Monday, August 6, 2007

Trigger-Happy Jack

When the rubber hits the road, only the execution of the trade will matter when investing in penny stocks. Throw away all the research, the luck, the confirmation, and the whole shebang. If you don’t buy in at the right time or sell when the harvest is plentiful, you’re setting yourself up for a painful experience. Particularly noticeable in the pink land of the lower exchanges, entry and exit points require both a form of patience and resolve for the best possible outcome.

Penny stocks are inherently cheap. Yet ironically they typically trade on the same interval scale as those of the upper exchanges. Investors hate to trade on subpenny intervals (ie. $0.1234) when they’re not coerced to do so (they are forced to do so when a stock drops below a penny). Unfortunately, this also adds to the volatility of the trades. For example, an 8-cent stock will typically jump on a 12.5% gain or loss on a single tick.

Because of this, following a company’s trading patterns is a vital part of investing on the lower exchanges.

Does the company have low volume?

Is the company trading sideways or does it sink and rise regularly?

How does the stock react to certain news?

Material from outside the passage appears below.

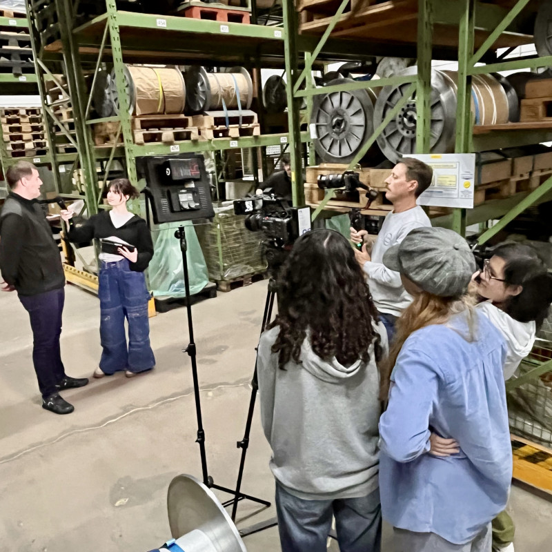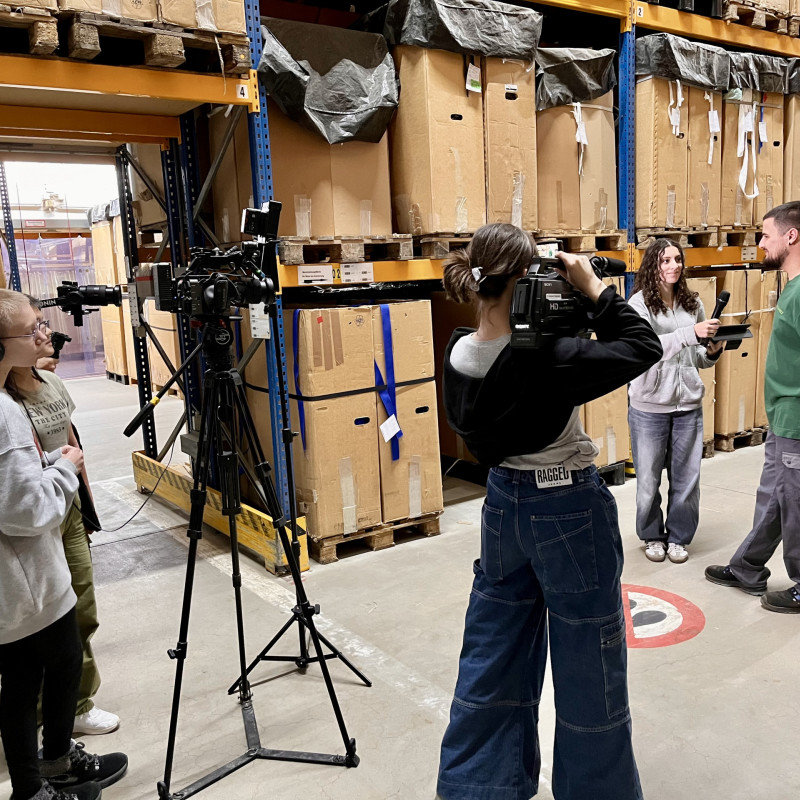 Von wegen leichtes Gepäck – ausgestattet mit Kameras, Lichtkoffern, Mikrofonen und jeder Menge Interviewfragen wurde das traditionsreiche Unternehmen Güth & Wolf zum spannenden Drehort für 10 Schülerinnen und Schüler der Janusz Korczak-Gesamtschule. Die Mission der vorweihnachtlichen Reise: Gemeinsam bildeten die Neunt- und Zehntklässler ein Produktionsteam im Rahmen des Workshops „Berufe-Klappe“, um ausgewählte Ausbildungsberufe der Gütersloher Band- und Gurtweberei filmisch darzustellen.
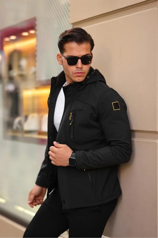 Erkek Siyah Kapüşonlu Softshell Su Ve Rüzgar Geçirmez Içi Kürklü Kapüşonlu Mont

We’ll go into more of this another day, but in the mean time it is always useful to get a firm understanding of how people react in various market situations. I say this because down here on the lower exchanges, your peers are typically the ones that are able to fluctuate the share price. Here are just two noticeable trends to bear in mind when it comes to executing the trade:

1) People like to trade heavily in the morning on news -- It’s very common to have morning spikes on the release of news. If you miss the spike, but feel the trend will continue, have a little patience as the price will typically retract a bit within an hour as people profit-take or panic a little less after coming to their senses

2) If a deadline approaches, a trend will not continue up to that deadline – If a company is undervalued, do not expect it to obtain a representation of its expected value prior to hitting a deadline. Even while there is momentum, this will typically cut short a few days prior to the deadline and begin to trade sideways or sink.